Sis moved her head up and down in agreement.
Then, the man turned to me with a stern look in his eye, grabbed my shoulder roughly, twirled me around, and swatted my backside one good swat. I almost lost my footing in my surprise for I was too bundled-up to be hurt by a swat. He put his puffing mustache face down close to mine. I could smell tobacco and knew the man had been smoking. Harshly he spoke.
"Boy, you look after your little sister. Keep her out of trouble. A man's got to look after the little ones. Okay." He put Sis's mitten in my hand.
Now it was my turn to nod my head for I'd been taught not to argue with older sisters, brothers, and adults. We stood in shock over what had happened for a moment or two before walking toward the Crawford grocery store. When we were safely away from the trench the man walked back to his warm place.
Inside the store I tried to get Sis to buy eight root beer barrels for a penny, they were my favorite. But, she bought two red suckers. Mr. Crawford smiled warmly as he reached in and took out two red suckers from the big glass jar. Sis put the penny in his hand and he put the suckers in hers. Sis handed me my sucker and as I sucked on mine she told me, "Cherry."
But I wasn't thinking about the flavor of the sucker, but of the man with the mustache that thought I was older than my sister. It was the first time I'd realized that people looked at children by size-not age. I was taller so I was older the man reasoned. Yet, even though Sis's head only came up to my shoulder she was three years older. It seemed unfair to me that grown-ups do that as I followed Sis out the door that Mr. Crawford opened for us.
We walked down Main Street on the shoveled and swept concrete sidewalk trying not to step on the lines or cracks. My two older brothers said you would get a broken back if you stepped on a line or crack, and we did not want that.
Inside the Barbershop Sis got a hug from Dad and I got a handshake. He lifted us up in two of the chairs along the wall and went back to sit on the window seat to play his cribbage game. Two men were busy playing checkers. One man was in Dad's second barber chair leaned back resting. Another sat along the wall reading the newspaper. Dad's backroom had the two pool tables. From the doorway came noise of people talking and the click of pool balls. I liked watching people in the shop and smelling the scents of tonics and soaps.
Before I got tired of looking one of the men playing checkers said loudly, "It's time." He pulled his cap's earflaps down over his head and pushed his hands into his gloves as men came walking out of the backroom. Quickly, a line of men moved through the door toward the trench and looking out the window I saw men coming out all the buildings.

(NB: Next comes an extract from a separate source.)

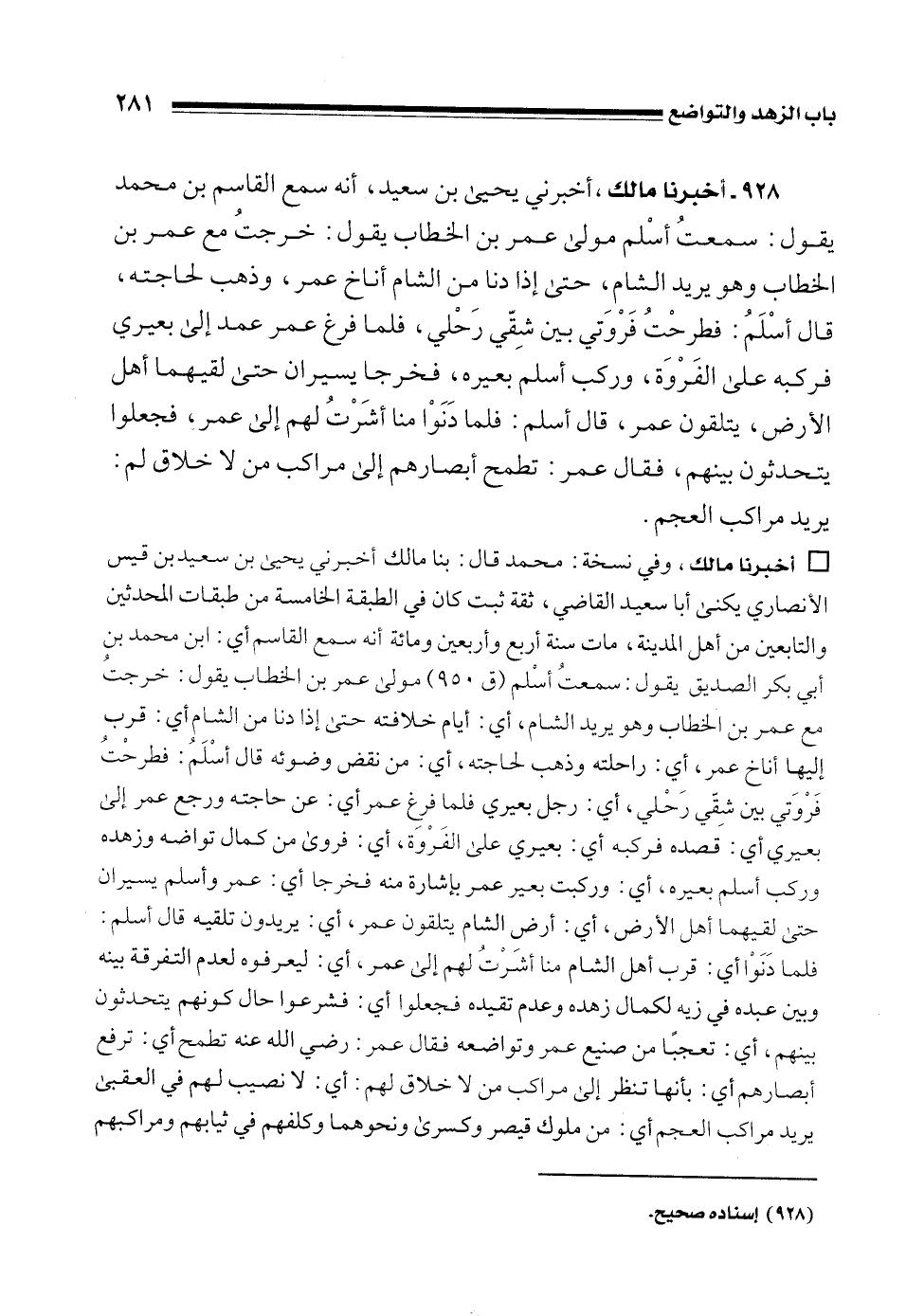 928 - أخبرنا مالك، أخبرني يحيى بن سعيد، أنه سمع القاسم بن محمد يقول: سمعتُ أسْلم مولى عمر بن الخطاب يقول: خرجتُ مع عمر بن الخطاب وهم يريد الشام، حتى إذا دنا من الشام أناخ عمر، وذهب لحاجته، قال أسْلَمُ: فطرحْتُ فَرْوَتي بين شِقّي رَحْلي، فلما فرغ عمر عمد إلى بعيري فركبه على الفَرْوَة، وركب أسلم بعيره، فخرجا يسيران حتى لقيهما أهل الأرض، يتلقون عمر، قال أسلم: فلما دَنَوْا منا أشَرْتُ لهم إلى عمر، فجعلوا يتحدثون بينهم، فقال عمر: تطمح أبصارهم إلى مراكب من لا خلاق لم: يريد مراكب العجم.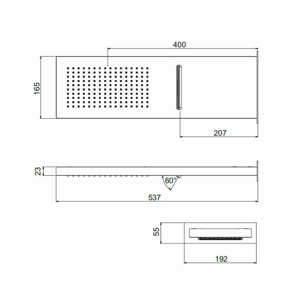 Rektangulärt duschhuvud i rostfritt stål med dubbelstråle Tillverkad i Italien.

A minute or two after they were gone one of us must have squirmed. Dad lifted us down from the chairs and opened the front door for us. As we walked back home holding a sucker stick and each other's hand, we stopped at the corner for a last look. We looked again at the chopping picks and scooping shovels slinging chunks of dirt up into the blowing snow.
Adscript: I learned that day that adults make judgments sometimes without all the information or all the correct information. That day I learned that all adult decisions are not correct. Also, I learned that people judge a child's age by that child's size which allows the smaller ones to often escape proper correction. However, I think then and now that being taller have let me do some things I would not have been able to do at such a young age, and the smaller ones might escape punishment but often ran into more handicaps by being held back.